Anyways, it is good to discuss these things. To my knowledge, the Church has not definitively pronounced on this passage, so there is room for discussion.

The Chicken

Chicken, as far as I know you are right that the Church has not spoken definitively on this, so there is room for debate.

I was using ALL of the gospel accounts, John as well as the others. They must harmonize. Matthew also has Peter striking with the sword, and Jesus rebuking him. By this Jesus makes it clear that they were not to fight for Him. He says nothing about their fleeing or just plain leaving. They could have stayed. They could have just followed along.
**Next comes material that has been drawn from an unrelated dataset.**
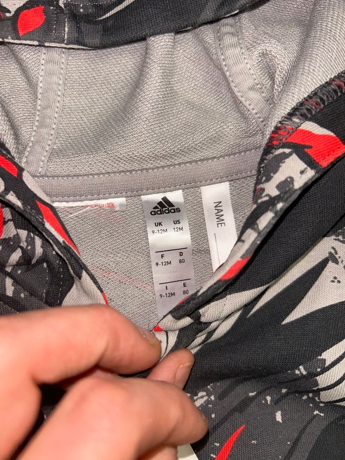 Veste adidas bébé avec capuche Couleur : rouge et gris Fermeture avec la fermeture éclaire Taille : 9-12 mois

They might have said "if you are going to take him, you're going to have to take me" (although that would fit poorly with "Of those whom thou gavest me I lost not one," unless Jesus arranged to have them "taken" but then released later.)

What about John? John, certainly, did not run away, but did he not, also, receive the breath on Easter evening?
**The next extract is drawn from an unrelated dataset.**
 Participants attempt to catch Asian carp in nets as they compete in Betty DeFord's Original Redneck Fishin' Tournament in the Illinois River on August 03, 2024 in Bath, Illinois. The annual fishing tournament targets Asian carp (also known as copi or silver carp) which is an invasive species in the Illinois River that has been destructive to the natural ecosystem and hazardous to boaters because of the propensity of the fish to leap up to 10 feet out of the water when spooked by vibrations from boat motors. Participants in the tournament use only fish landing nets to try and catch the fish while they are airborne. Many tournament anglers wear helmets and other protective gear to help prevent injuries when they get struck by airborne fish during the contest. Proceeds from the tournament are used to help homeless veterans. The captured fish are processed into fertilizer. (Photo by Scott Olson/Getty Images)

This is not what is indicated in the passages that say that they all dispersed. "Then everyone deserted him and fled." The Greek has "pantes aphentes auton ephygon", where aphentes is "having deserted," and ephygon is "fled". Pantes, of course, is "all".

Jesus also said they would all fall away, not some. The Greek is "Pantes hymeis skandalisthesesthe en emoi." Literally, "all of you will be scandalized on account of me." There is no sign in any of the gospels that John did not flee. The only indication is that he did not flee very far or very long: like Peter, he follows the crowd to the high priest's house. This does not mean that he stayed with Jesus. If John had explicitly stayed with Jesus, this would have made mincemeat out of the theories that the "young man" who fled without his clothes was John - such a theory could never have even gotten started. The natural reading of all 4 gospels together is that they all fled, but Peter and John circled back around and followed the crowd. It was dark, there was lots of confusion, it's quite reasonable.

It is possible that when Jesus predicts "all", and when the gospel writer says "all fled", they both mean it in the generic sense - that as a generality they fled, not that necessarily every single one. But there is no specific indication that any of them did not flee. And because Peter makes a big deal out of it "Even if all fall away on account of you, I never will," the unanimity of the "all" becomes more important. His exclamation would not be nearly so memorable if the overall meaning was "most of you are going to flee", and "most of them fled".

As for breathing the Holy Spirit into them, read my linquistic comment, above.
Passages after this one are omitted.